Department of Clinical Biochemistry, School of Medicine, Shahid Sadoughi University of Medical Sciences, Yazd, I.R. Iran.
Department of Clinical Biochemistry, School of Pharmacy and Pharmaceutical Sciences, Isfahan University of Medical Sciences, Isfahan, Iran.
Curr Mol Pharmacol. 2023;16(4):448-464. doi: 10.2174/1874467215666220829102020.

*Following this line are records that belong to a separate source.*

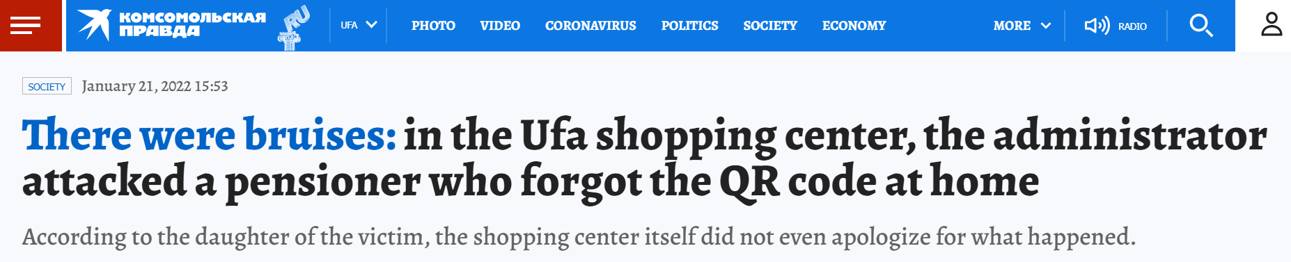 Ufa resident Elena Gareeva complained that her 62-year-old mother and aunt were beaten in a shopping center because the women did not have QR codes with them. At the same time, both Ufa women were vaccinated, just by an unfortunate accident they forgot the supporting documents at home.
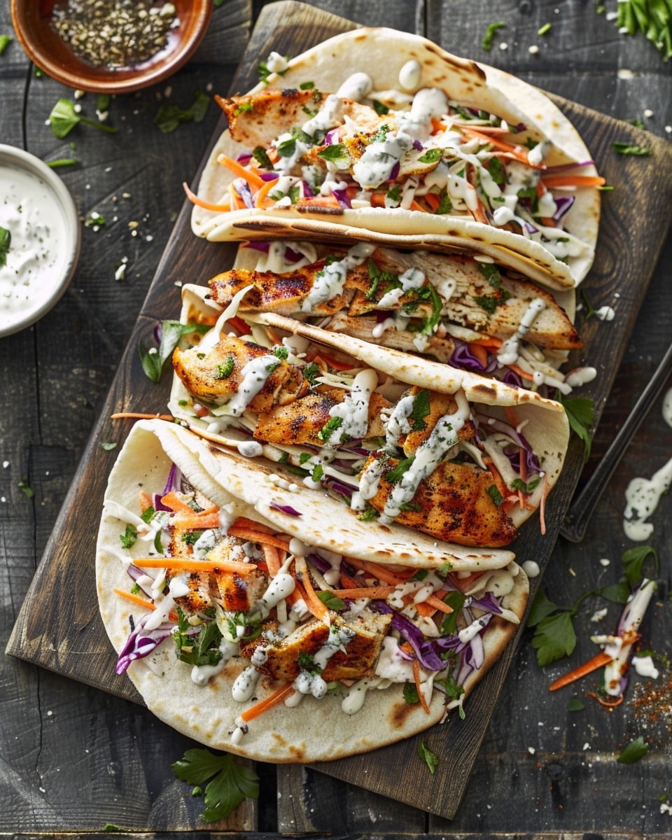 I love how this recipe comes together quickly without sacrificing flavor. The juicy chicken is seasoned to perfection and pairs beautifully with the tangy, creamy slaw. The fresh herbs in the ranch slaw give it an irresistible brightness, and wrapping everything in a soft pita makes it handheld and mess-free. It’s also super customizable and can be made ahead of time, which makes it ideal for busy days.
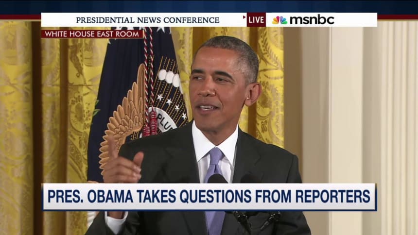 President Obama hosted a White House press conference this afternoon, the bulk of which dealt with the details of the international nuclear agreement with Iran. Reporters pressed Obama on several angles, and the president, to his credit, didn’t dodge anything — he offered detailed responses and defenses to every inquiry.
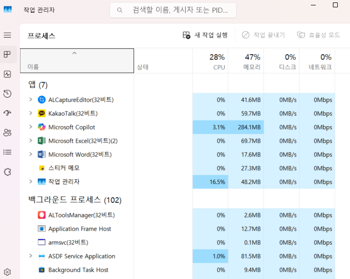 이전에는 [Ctrl + Alt + Delete → 작업 관리자 클릭 → 프로그램 선택 → 작업끝내기] 와 같은 과정에서 작업 관리자 창(사진)이 뜬 뒤에 강제 종료를 해야하는 프로그램을 찾아서 마우스 우 클릭 후 작업 끝내기를 해야했지만 오늘 소개한 간단하게 작업 끝내기를 할 수 있는 설정을 하고 나면 [마우스 우 클릭 → 작업 끝내기] 2단계만으로 프로그램을 강제 종료 할 수 있습니다.

The increasing number of cases of diabetes mellitus (DM) and related diseases has become a global health concern. In this context, controlling blood glucose levels is critical to prevent and/or slow down the development of diabetes-related complications. Incretins, as gutderived hormones that trigger the post-meal secretion of insulin, are a well-known family of blood glucose modulators. Currently, incretin medications, including glucagon-like peptide-1 receptor agonist (GLP-1RA) and dipeptidyl peptidase-4 (DPP-4) inhibitors, are extensively used to treat patients with type 2 diabetes mellitus (T2D). Several experimental and clinical studies illustrate that these metabolic hormones exert their antidiabetic effects through multiple molecular mechanisms. Accordingly, the current review aims to investigate key mechanisms and signaling pathways, such as the cAMP/PKA, Nrf2, PI3K/Akt, and AMPK pathways, associated with the antidiabetic effects of incretins. It also summarizes the outcomes of a group of clinical trials evaluating the incretins' antidiabetic potential in diabetic patients.
糖尿病(DM)和相关疾病的病例不断增加,已成为全球关注的健康问题。在这种情况下,控制血糖水平对于预防和/或减缓糖尿病相关并发症的发展至关重要。肠促胰岛素是一类已知的血糖调节剂,作为源自肠道的激素,可触发餐后胰岛素分泌。目前,胰高血糖素样肽-1 受体激动剂(GLP-1RA)和二肽基肽酶-4(DPP-4)抑制剂等肠促胰岛素类药物被广泛用于治疗 2 型糖尿病(T2D)患者。多项实验和临床研究表明,这些代谢激素通过多种分子机制发挥其抗糖尿病作用。因此,本综述旨在研究与肠促胰岛素的抗糖尿病作用相关的关键机制和信号通路,如 cAMP/PKA、Nrf2、PI3K/Akt 和 AMPK 通路。还总结了一组评估肠促胰岛素在糖尿病患者中抗糖尿病潜力的临床试验的结果。